**TASK STATEMENT**: Copy nothing but the lines from the line with "This paper investigates" to the end of the records, retyped exactly. Pictures stay out.

------------------------------------

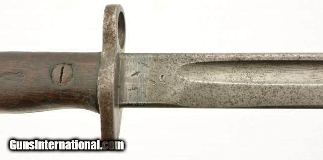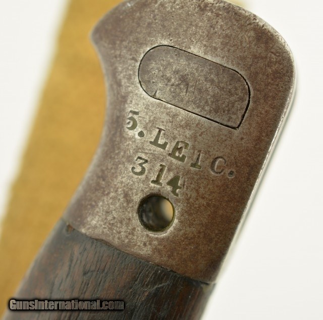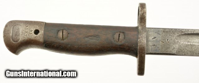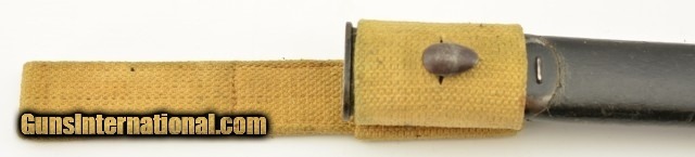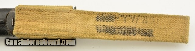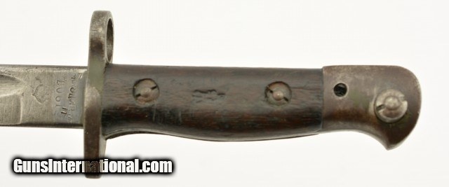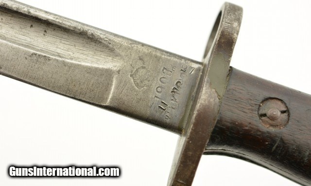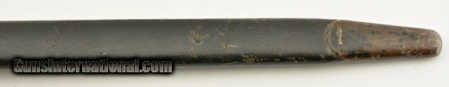 Description: This is a unaltered British Pattern 1907 second model made by Wilkinson in 11/18 and remarked for duty in 1927. It is also marked "5.LEIC./314 for 5th Leicestershire. This bayonet most likely saw use in both World Wars. The blade is in very good to excellent unsharpened condition with light oxidation and nearly unmarred edge and correct tip. The crossguard shows signs of normal wear and light oxidation. The handle has a deep rich patina with proof marks on both sides. Lastly ending in a functional rifle lug pommel with unit markings and the correct oil cleaning hole. Comes with a correct scabbard in very good condition with canvas frog. 21 3/4 over-all. SOLD |
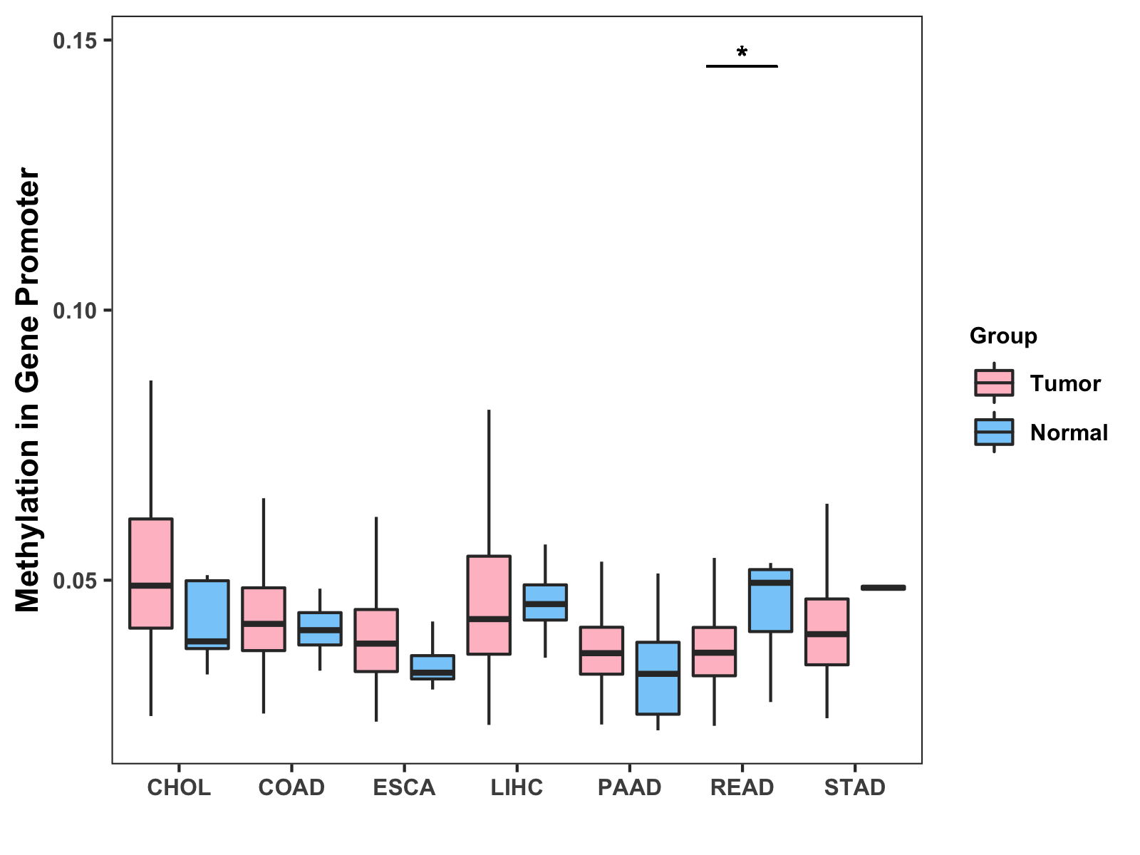 Boxplot of All Gastrointestinal Cancer ( * : 0.01-0.05 , ** : 0.005-0.01 , *** : 0.0001-0.005 , **** : < 0.0001 ) |
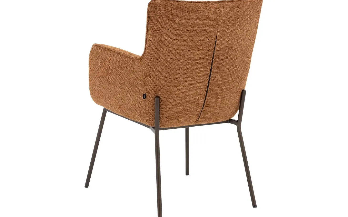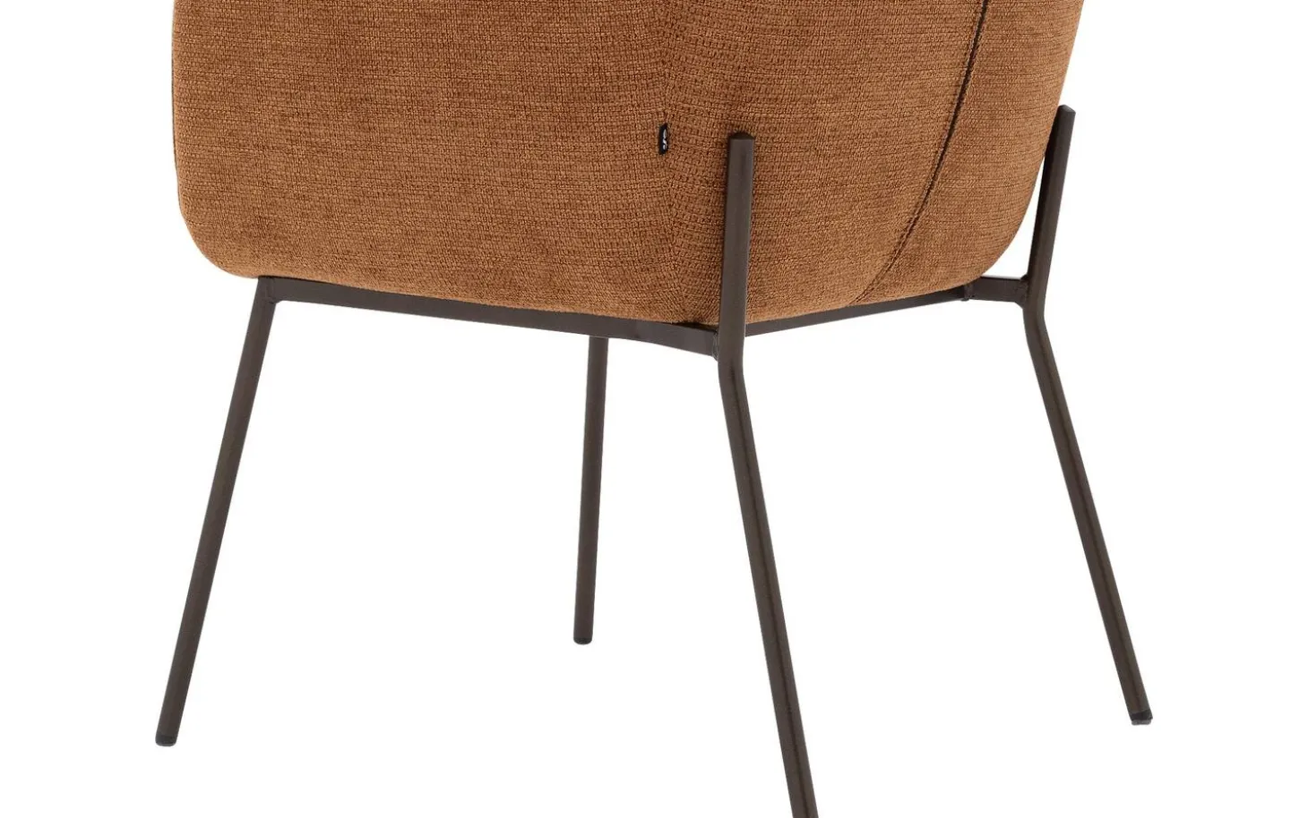 Der cognacfarbene grob gewebte Stoff verleiht dem Esszimmerstuhl Trullo eine reiche Textur, die Wärme und Tiefe in Ihr Esszimmer bringt. Das cognacfarbene Untergestell mit Pulverbeschichtung (anodic brown) passt schön zur Polsterung und sorgt für ein harmonisches Ganzes.
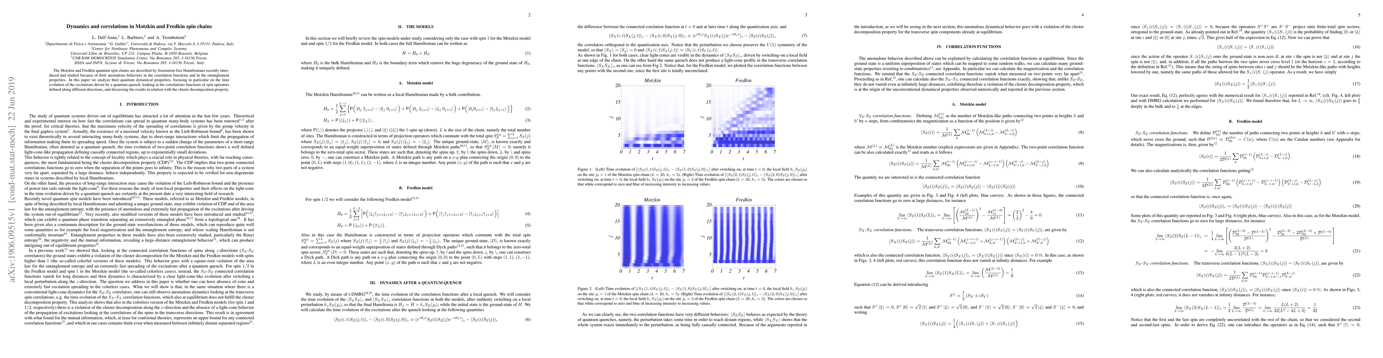 This paper investigates the dynamics and correlations in Motzkin and Fredkin spin chains, focusing on the time evolution of excitations post-quantum quench, and examines the correlation functions of spin operators in relation to the cluster decomposition property.
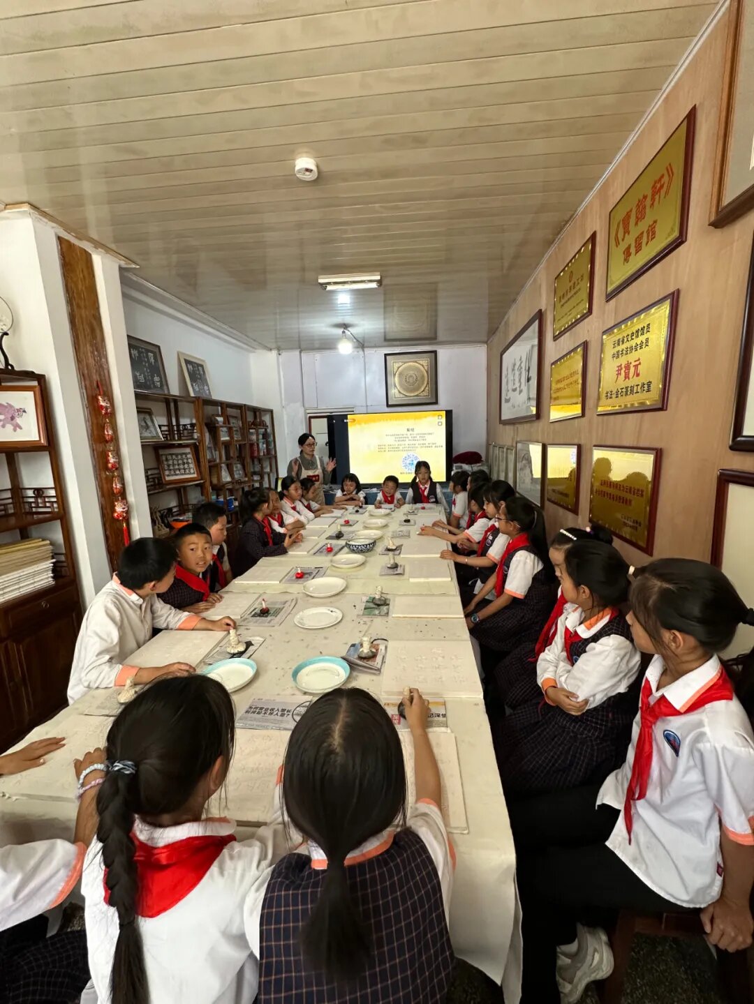 为了增强非物质文化遗产保护传承意识,加大非遗传承发展力度,特邀请了云南省滇派书画装裱代表性传承人张惠玲、昆明市滇派书画装裱代表性传承人孙源和五华区滇派书画装裱代表性传承人张琳娜为孩子们授课。
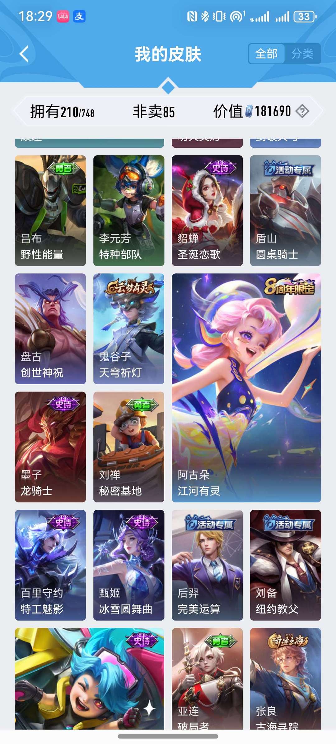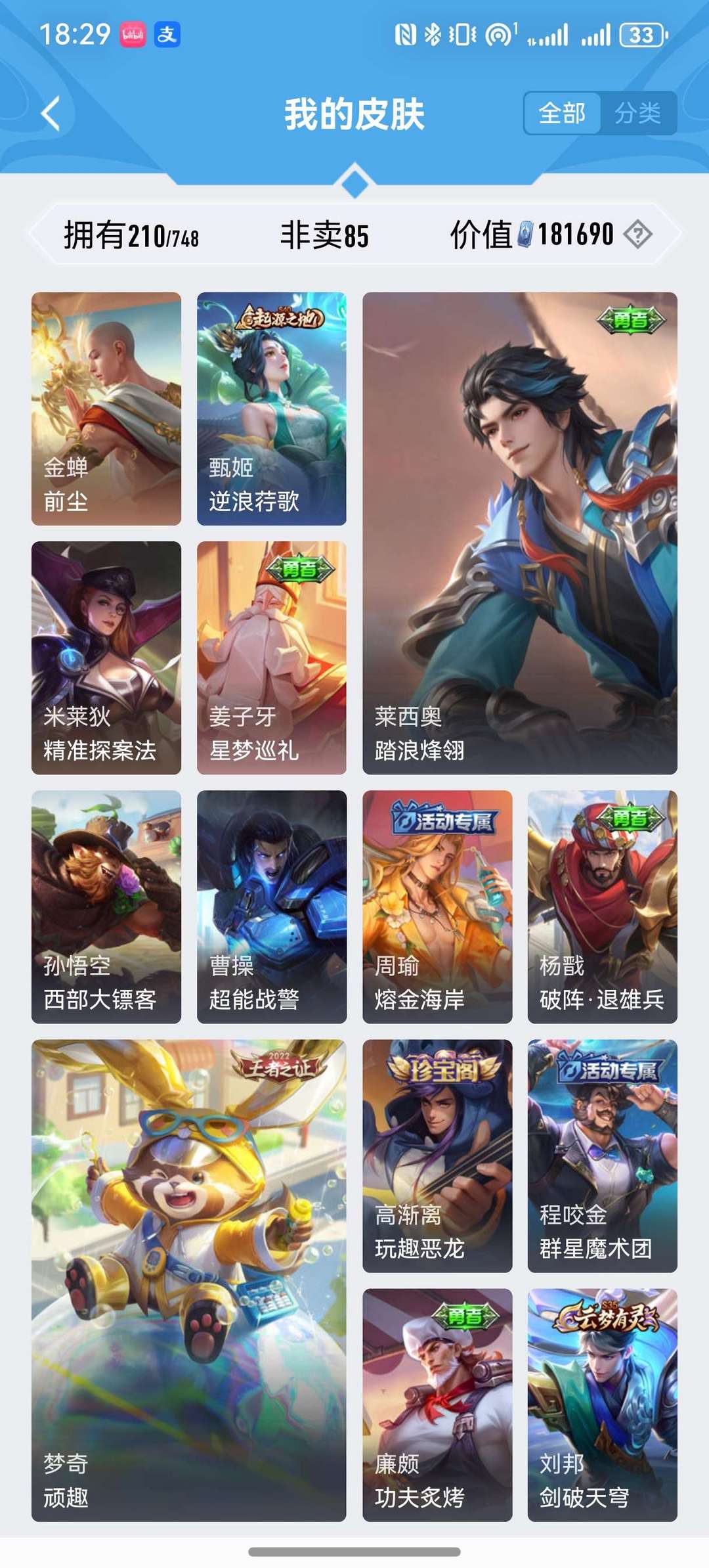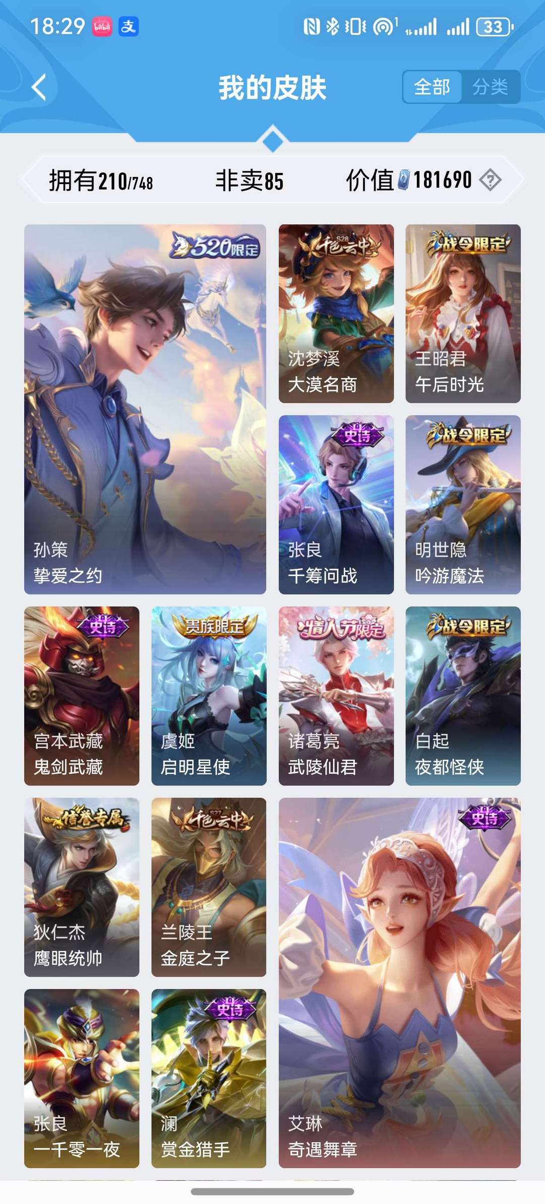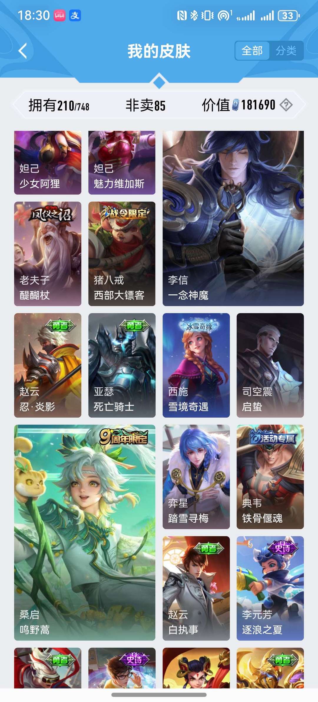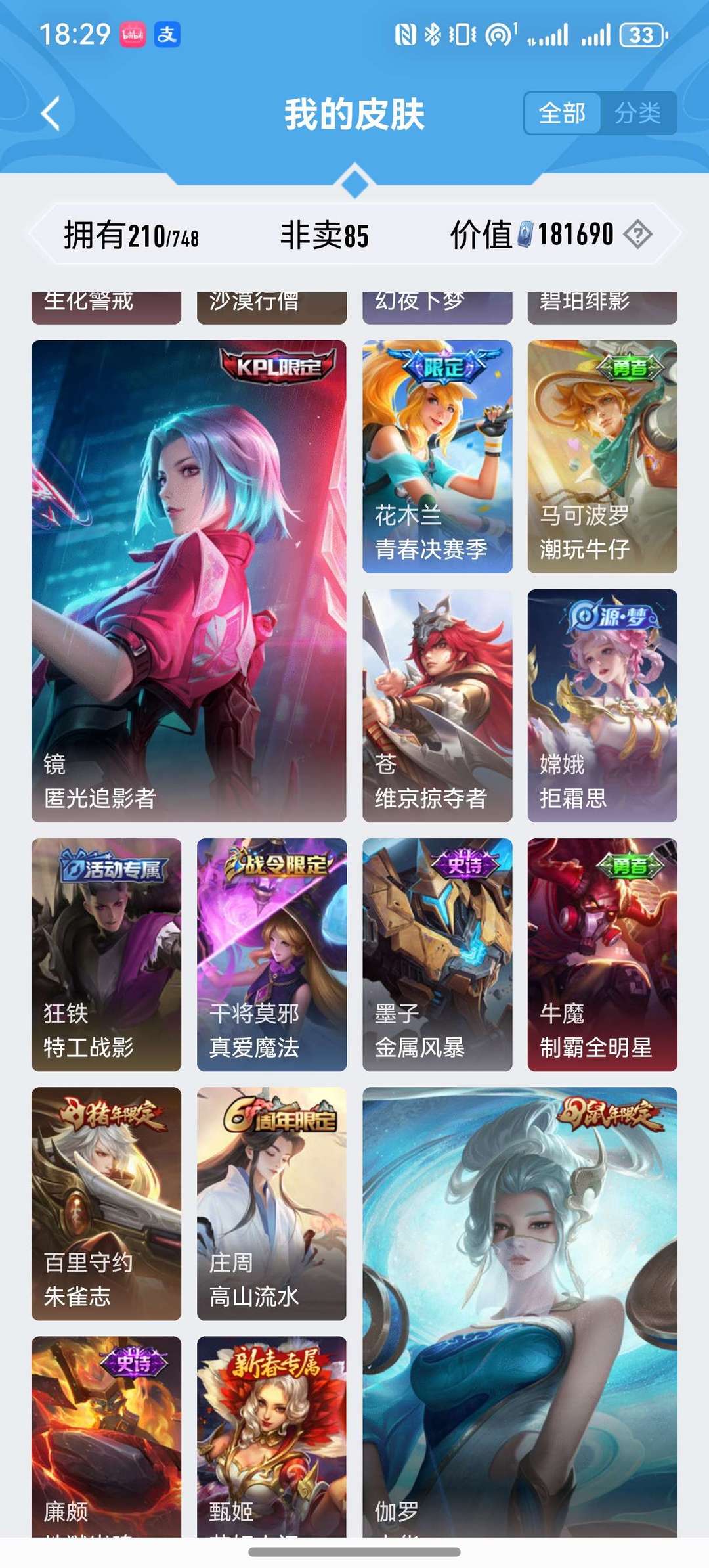装备描述:私人所属英雄皮肤有:李白 鸣剑·曳影周瑜 音你心动梦奇 胖达荣荣李信 一念神魔关羽 武圣诸葛亮 武陵仙君李元芳 飞鸢探春狄仁杰 超时空战士虞姬 启明星使貂蝉 仲夏夜之梦孙策 挚爱之约赵云 淬星耀世女娲 补天曜 李逍遥小乔 音你心动裴擒虎 寅虎·赤拳伽罗 太华等等禁止利用账号进行开挂、使用辅助违规软件诈骗等违规操作

------------------------------------

**SOLUTION TO THIS PROBLEM**:
 This paper investigates the dynamics and correlations in Motzkin and Fredkin spin chains, focusing on the time evolution of excitations post-quantum quench, and examines the correlation functions of spin operators in relation to the cluster decomposition property.
 为了增强非物质文化遗产保护传承意识,加大非遗传承发展力度,特邀请了云南省滇派书画装裱代表性传承人张惠玲、昆明市滇派书画装裱代表性传承人孙源和五华区滇派书画装裱代表性传承人张琳娜为孩子们授课。
装备描述:私人所属英雄皮肤有:李白 鸣剑·曳影周瑜 音你心动梦奇 胖达荣荣李信 一念神魔关羽 武圣诸葛亮 武陵仙君李元芳 飞鸢探春狄仁杰 超时空战士虞姬 启明星使貂蝉 仲夏夜之梦孙策 挚爱之约赵云 淬星耀世女娲 补天曜 李逍遥小乔 音你心动裴擒虎 寅虎·赤拳伽罗 太华等等禁止利用账号进行开挂、使用辅助违规软件诈骗等违规操作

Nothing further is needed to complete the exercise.